Snakeroot flower heads are beginning to open, white as the cows’ milk that they’re said to poison. A sunbeam reaching the porch shows me the shape of my breath.
Sun floods the treetops. I sneeze so loudly it sets off the neighbor’s dog, a quarter-mile away. The scrabble of claws from a high-speed red squirrel chase.
Crystal-clear and cool at mid-morning, the Sunday silence only broken by a chipmunk’s metronome and the distant rumble of a train. In a patch of sun, a cricket picks up where he left off.
An hour before sunrise, in the silence before weekend traffic begins, a barred owl’s “Who cooks for you all?” followed by a screech owl’s trill. Half an hour later, the soft notes of a migrant thrush.

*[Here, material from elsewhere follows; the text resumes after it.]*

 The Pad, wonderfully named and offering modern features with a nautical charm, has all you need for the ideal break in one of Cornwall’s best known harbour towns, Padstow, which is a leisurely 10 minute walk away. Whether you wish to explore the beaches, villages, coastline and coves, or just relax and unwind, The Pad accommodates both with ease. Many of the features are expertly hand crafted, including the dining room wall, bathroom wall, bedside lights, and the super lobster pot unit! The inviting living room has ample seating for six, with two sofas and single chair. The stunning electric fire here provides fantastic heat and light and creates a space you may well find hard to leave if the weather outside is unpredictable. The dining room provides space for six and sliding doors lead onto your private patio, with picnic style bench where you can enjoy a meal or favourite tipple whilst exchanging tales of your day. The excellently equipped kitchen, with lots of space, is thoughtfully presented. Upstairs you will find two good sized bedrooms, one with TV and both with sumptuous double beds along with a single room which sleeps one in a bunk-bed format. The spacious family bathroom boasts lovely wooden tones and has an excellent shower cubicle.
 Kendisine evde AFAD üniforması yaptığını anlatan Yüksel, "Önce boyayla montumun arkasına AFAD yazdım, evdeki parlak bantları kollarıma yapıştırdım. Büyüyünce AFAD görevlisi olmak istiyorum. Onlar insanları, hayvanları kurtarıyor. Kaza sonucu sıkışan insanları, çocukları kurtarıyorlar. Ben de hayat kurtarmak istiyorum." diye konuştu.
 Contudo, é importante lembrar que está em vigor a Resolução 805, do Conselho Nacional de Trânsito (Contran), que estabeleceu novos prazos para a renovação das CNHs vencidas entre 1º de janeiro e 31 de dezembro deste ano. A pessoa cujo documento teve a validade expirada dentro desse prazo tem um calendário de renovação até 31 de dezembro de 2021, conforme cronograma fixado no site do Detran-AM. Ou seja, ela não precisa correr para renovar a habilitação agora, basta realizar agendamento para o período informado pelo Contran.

Cold and clear, autumnal weather continues, with a heavy inversion layer that makes the interstate sound as if it’s just above the barn. Dew drips from the roof.
Cool and clear with a breeze in the treetops, glossy oak leaves scintillating in the sun. A distant crow is trying to raise a ruckus, but no one joins in.
Too cold for all but one hardy field cricket. In the meadow, the half-grown twin fawns have a go at their mother’s milk, one on each side. A small flock of geese go over, bugling.
Clear and cool. One minute before sunrise, a long-tailed weasel appears at the end of the porch with a meadow vole dangling from her mouth, sees me, and disappears back into the weeds. I catch one more glimpse of a reddish-brown shadow crossing the driveway.
Overcast and quiet. A doe and two fawns melt into the woods when I come out. In the meadow, this morning’s bindweed trumpets are already vibrating with bumblebees.
Cool and clearing. Dew drips from the porch roof onto the orange jewelweed, which this morning for the first time receives no visits from a hummingbird.